Functional annotation uses a set of genes (such as differentially expressed genes) to examine enrichment of these genes in Kyoto Encyclopedia of Genes and Genomes (KEGG) pathways and Gene Ontology (GO) terms.
KEGG
.. is a database resource for understanding high-level functions and utilities of the biological system, such as the cell, the organism and the ecosystem, from genomic and molecular-level information. It is a computer representation of the biological system, consisting of molecular building blocks of genes and proteins (genomic information) and chemical substances (chemical information) that are integrated with the knowledge on molecular wiring diagrams of interaction, reaction and relation networks (systems information). It also contains disease and drug information (health information) as perturbations to the biological system.
GO
.. provides a computational representation of our current scientific knowledge about the functions of genes (or, more properly, the protein and non-coding RNA molecules produced by genes) from many different organisms, from humans to bacteria. It is widely used to support scientific research, and has been cited in tens of thousands of publications.
Understanding gene function—how individual genes contribute to the biology of an organism at the molecular, cellular and organism levels—is one of the primary aims of biomedical research. Moreover, experimental knowledge obtained in one organism is often applicable to other organisms, particularly if the organisms share the relevant genes because they inherited them from their common ancestor.

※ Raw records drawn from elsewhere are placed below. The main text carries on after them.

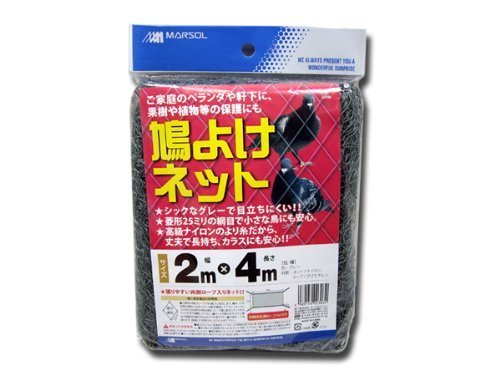 ・ 4989156003034・色:グレー・サイズ:2m×4m・目合:25mm菱目・鳩よけ用ネットです。・長さ方向両側ロープ入りで、簡単に取り付けできます。●強力なナイロン撚り糸で、鳩をシャットアウトします。●【用途】●鳩よけ用ネット。●【機能・特徴】●ベランダでの鳩よけや、菜園のカラス対策に使用できます。●長さ方向両側ロープ入りで、簡単に取り付けできます。●シックなグレーなので目立ちにくいです。●菱型25mmの網目で小さな鳥にも安心です。●高級ナイロンのより糸だから、丈夫で長持ち、カラスにも安心です。●【仕様】●サイズ:2m×4m。●色:グレ-。●目合:25mm菱目。●長さ方向両側ロープ入。●【材質】●ナイロン。●【商品サイズ】幅210×高さ281×奥行31mm 重量385g●商品コード:4989156003034●JANコード:4989156003034●ブランド名:日本マタイ●商品名:鳩よけネット グレー●規格:2MX4M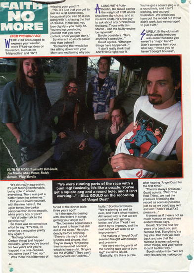 Have you noticed how much more a part of FNM Mike Patton has now become? Patton's development seems to have escaped press probings. The piss-drinking, the tampon-munching, the lurches, the screams, the insults, the jokes, the lyrics, the dark side of 1989s pin-up. He has become the definition for mischievous, curious and warped youths worldwide, a man who will try anything just for, the hell of it. But the biggest strides Patton made were in actually becoming a happy member of Faith No More. When did this penny drop?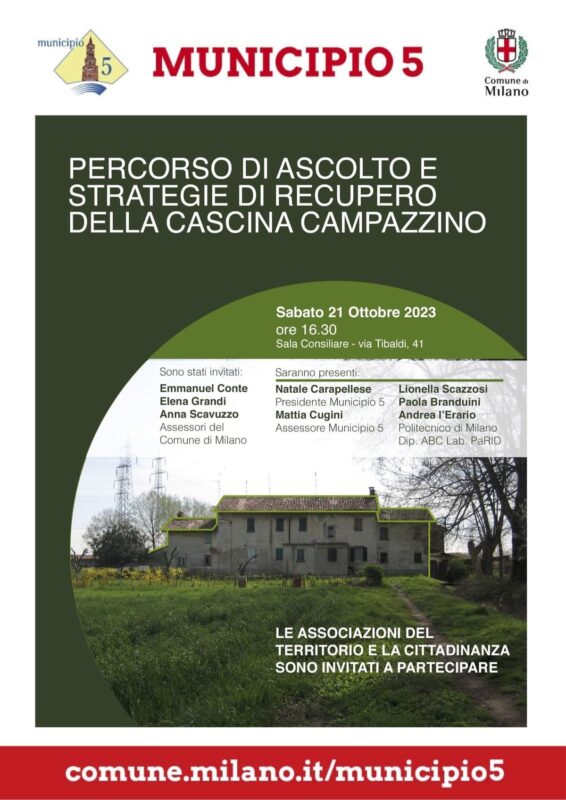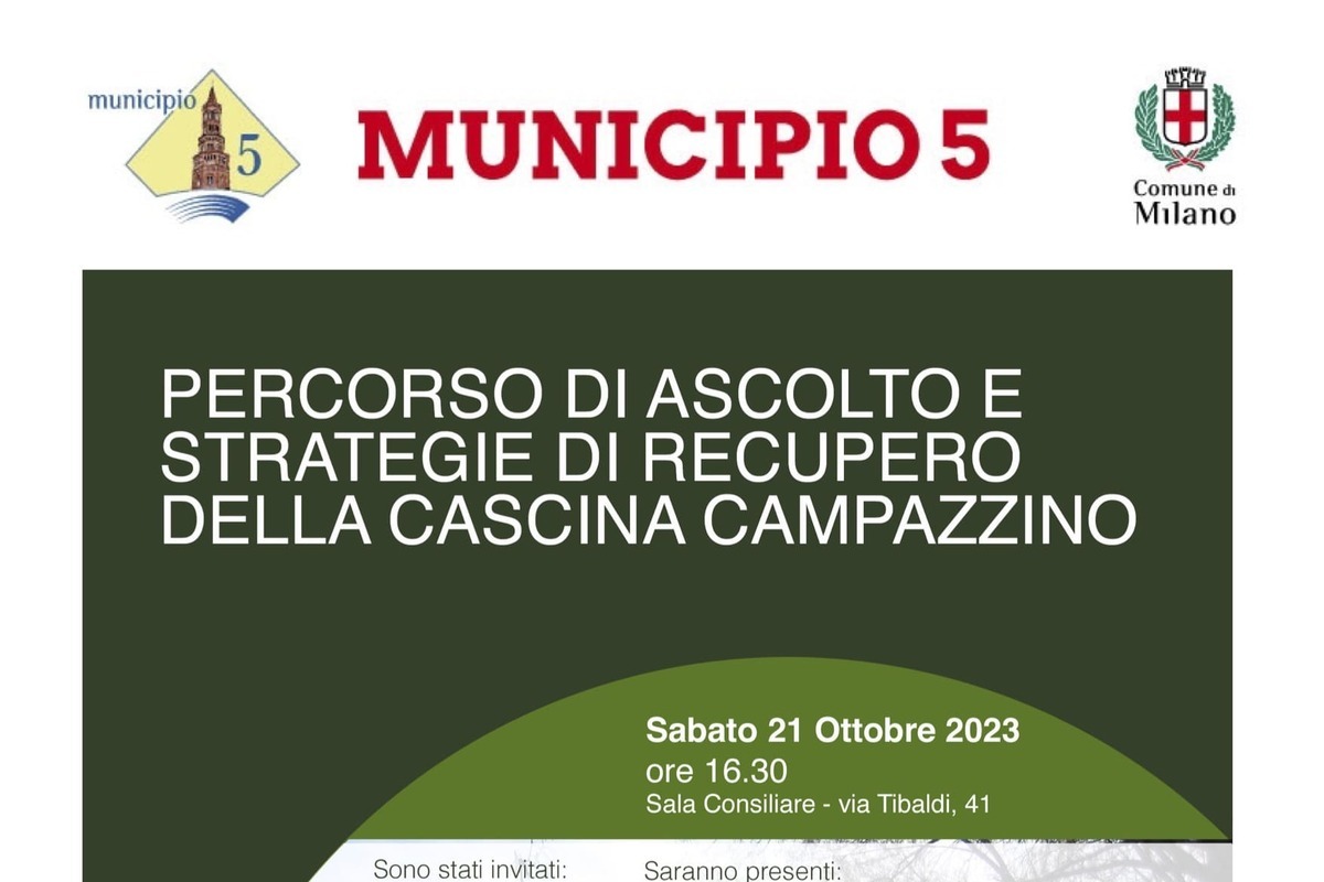 Il prossimo 21 ottobre è stato quindi organizzato dal Municipio 5 un primo incontro per dare vita a un percorso di ascolto e a strategie di recupero della Cascina Campazzino, con la partecipazione degli assessori comunali competenti, il Politecnico di Milano, cittadini e associazioni del territorio.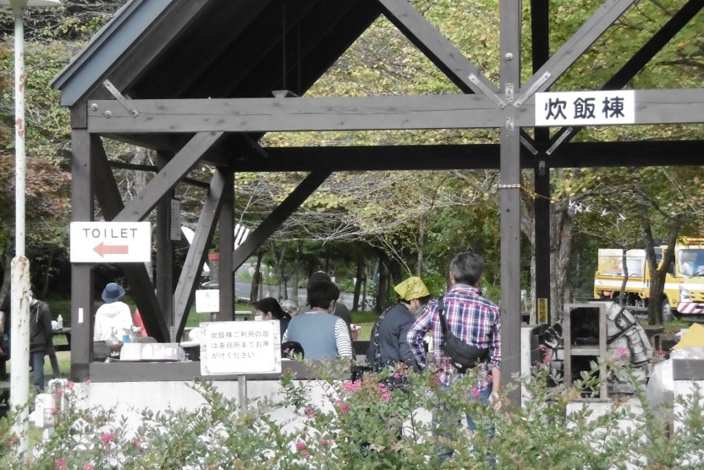 写真下段「岩魚焼き」「舞茸探しミズナラの巨木」「舞茸」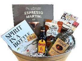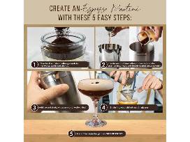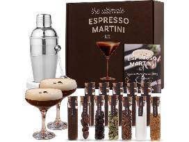 Elevate your martini game with this espresso martini set, it features everything you need: a premium shaker with strainer, 6 tubes of rich coffee grounds, 2 elegant martini glasses, and a measuring teaspoon and tablespoon for flawless cocktails every time.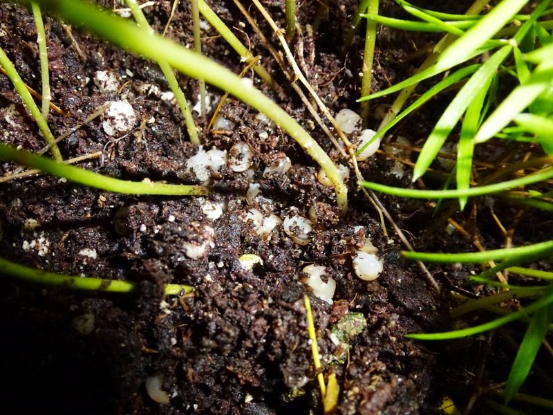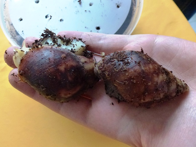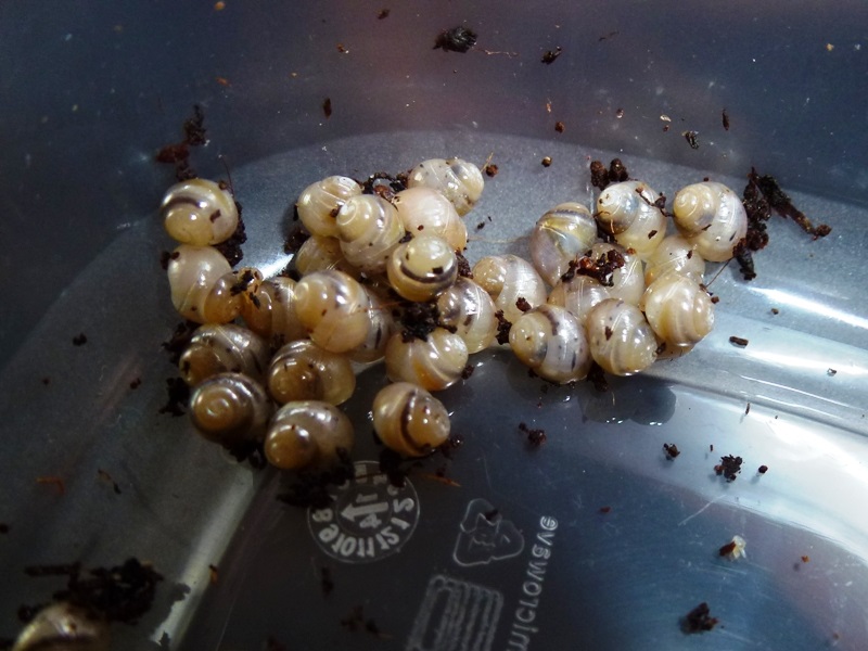...dieses Gelege geschlüpft ist! Es ist das erste meiner Schnecken, und mitten in die Wurzeln der Pflanze gelegt. Ich vermute, dass es ein Rodatzii-VA-Gelege ist, da die anderen eigentlich noch zu jung sind. Oder Jacky hat das Gelege mitgebracht, als er/sie zu mir gekommen ist. Naja - Schweren Herzens musste ich mich von den meisten trennen und einfrieren. Viele waren zum Glück noch gar nicht richtig geschlüpft. Ein paar musste ich aber doch behalten, das ging einfach nicht anders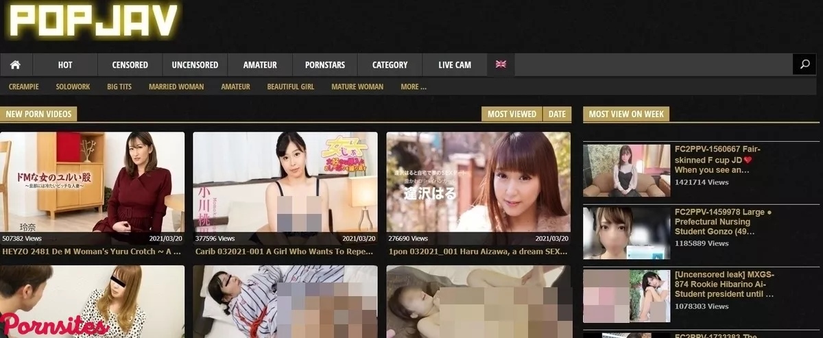 PopJAV has a ton of categories for one's viewing pleasure. Before jumping into that, the website deserves more praise for its user interface. Because PopJAV pays attention to the details, they have thoughtfully included popular categories near the top of the categories' page. Click on the categories tab near the top, and visitors will see the sites' most popular categories: as of this writing, that was:- Married woman.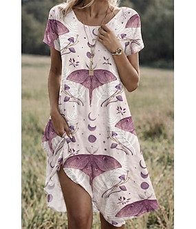 Femmes Robe Midi Robe T-Shirt Robe trapèze Robe d'été Vacances Occasionnel Plage Coupe Ample Fleuri Graphique Manche Courte Col ras du cou Noir Violet Orange Vert Été Printemps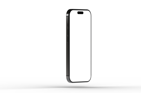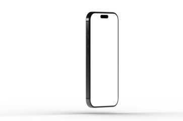 High-quality photo of a black smartphone mockup with a blank screen, perfect for app presentations or website designs. Isolated on white backgr

Associations of gene products to GO terms are statements that describe
Molecular Function: the molecular activities of individual gene products
Cellular Component: where the gene products are active
Biological Process: the pathways and larger processes to which that gene product’s activity contributes
2. R Packages
We’ll be using two main R packages:
Functional enrichment for KEGG pathways and GO terms was completed using the package https://bioconductor.org/packages/release/bioc/html/clusterProfiler.html
You can read more about clusterProfiler’s statistical and analysis methods here: https://yulab-smu.top/biomedical-knowledge-mining-book/index.html
Annotated KEGG pathway maps are generated using the package https://www.bioconductor.org/packages/release/bioc/html/pathview.html
3. Connect to an rVDI virtual desktop machine
As with the previous differential expression analyses we did in sessions 3 and 4, we will also be running this analysis in RStudio on an rVDI virtual machine. The reason is the same as before - to save time as the required R packages are pre-installed on these virtual machines. And, as before, you can copy and paste this script to RStudio on your local computer and adapt it to your own dataset.
To access and run an rVDI virtual desktop:
Go to https://rvdi.qut.edu.au/
Click on ‘VMware Horizon HTML Access’
Log on with your QUT username and password
*NOTE: you need to be connected to the QUT network first, either being on campus or connecting remotely via VPN.
4. Preparing your data
We’ll be using the RNA-Seq differential expression results you generated in session 3.
These will be in a file called ‘DE_genes_Basal_cells_Vs_Differentiated_cells.csv’ in the ‘Table' output folder from session 3. This file contains a list of differentially expressed genes that you generated using DESeq2. This list of DE genes will be used as input for functional annotation.
a. In windows explorer, go to: H:\workshop\RNAseq
b. In this folder, create a new folder called ‘functional_annotation’ (case-sensitive)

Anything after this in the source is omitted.